Restate, in full and unchanged, the entries that follow, but not their pictures.
═══ EXCERPTED DATA ═══
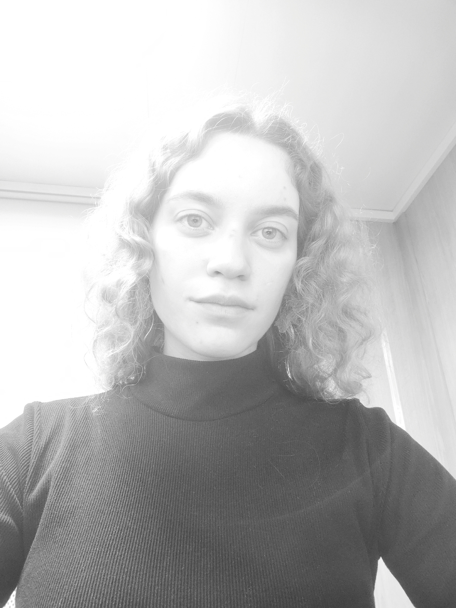 A close-up, grayscale, indoor photograph shows a young woman. She has light skin, a neutral expression, and light-colored curly hair that frames her face. She wears a black turtleneck shirt with a ribbed texture. The background is bright, suggesting strong lighting, and includes a ceiling and a wall with a paneled appearance on the right side. The location is Unknown, Unknown.
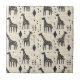 Reizvolle bohemian Safari-Muster-Keramikfliese mit stilisierten Giraffen mit spielerischen Ockerflecken, gepaart mit tribalen geometrischen Formen in Holzkohle auf einem texturierten cremefarbenen Hintergrund. Ein warmes, handwerkliches Design, ideal für Tierliebhaber, Boho-Stil-Fans und alle, die sich von erdigen, abenteuerlustigen Ästhetiken angezogen fühlen.
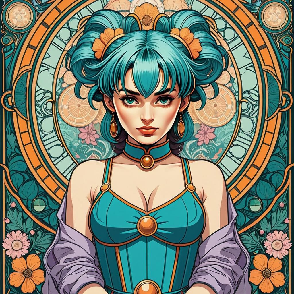 Art Nouveau Style Digital Portrait of Woman with Teal Hair and Floral Background
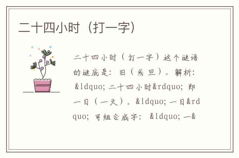 二十四小时(打一字)
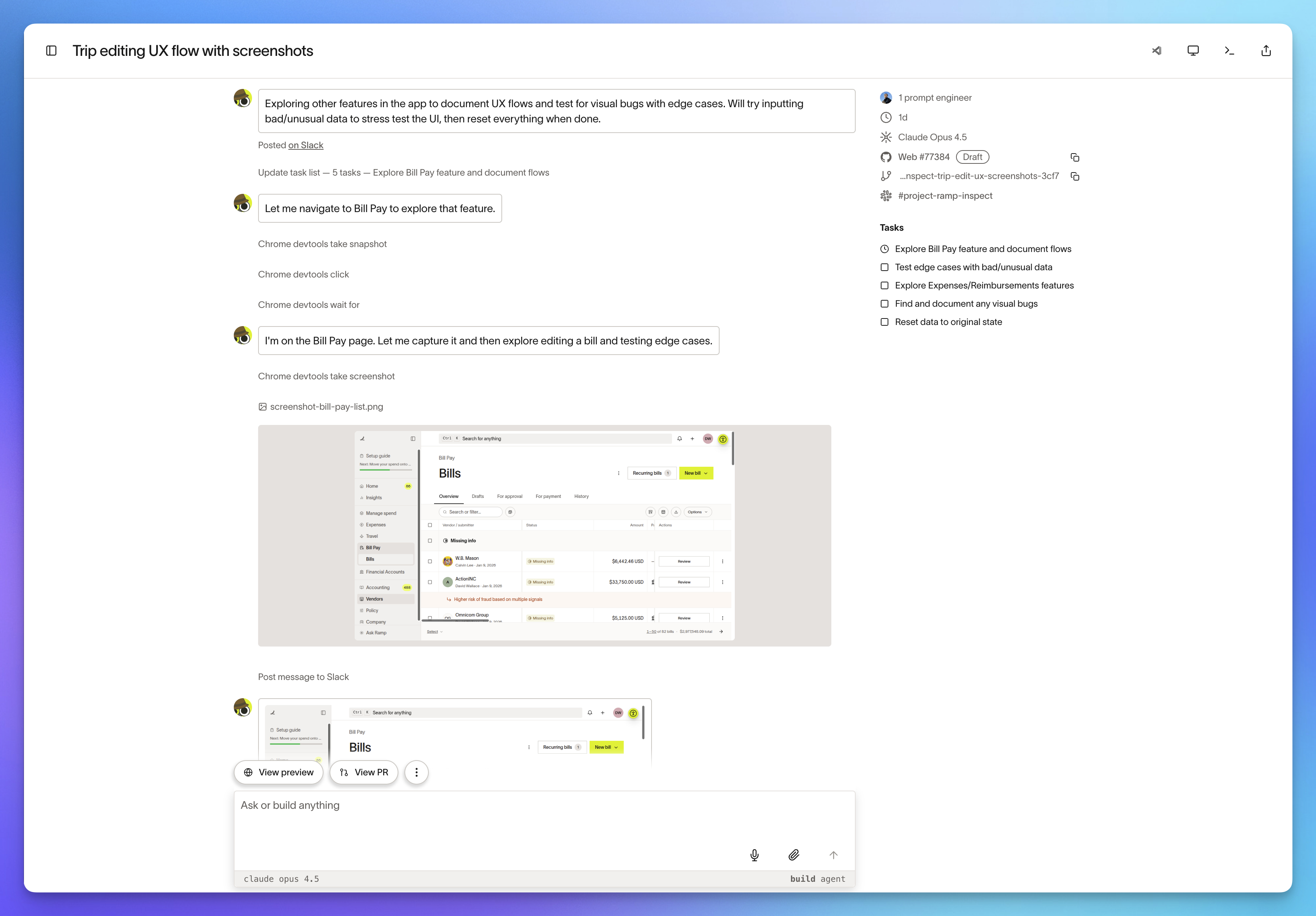 I would love to be able to start an agent on a random idea through Slack right when I have the idea. Otherwise, the clarity of the idea might be gone by the time I get back to my desk.
═══
- **ANSWER TO THIS TASK**:
 A close-up, grayscale, indoor photograph shows a young woman. She has light skin, a neutral expression, and light-colored curly hair that frames her face. She wears a black turtleneck shirt with a ribbed texture. The background is bright, suggesting strong lighting, and includes a ceiling and a wall with a paneled appearance on the right side. The location is Unknown, Unknown.
 Reizvolle bohemian Safari-Muster-Keramikfliese mit stilisierten Giraffen mit spielerischen Ockerflecken, gepaart mit tribalen geometrischen Formen in Holzkohle auf einem texturierten cremefarbenen Hintergrund. Ein warmes, handwerkliches Design, ideal für Tierliebhaber, Boho-Stil-Fans und alle, die sich von erdigen, abenteuerlustigen Ästhetiken angezogen fühlen.
 Art Nouveau Style Digital Portrait of Woman with Teal Hair and Floral Background
 二十四小时(打一字)
 I would love to be able to start an agent on a random idea through Slack right when I have the idea. Otherwise, the clarity of the idea might be gone by the time I get back to my desk.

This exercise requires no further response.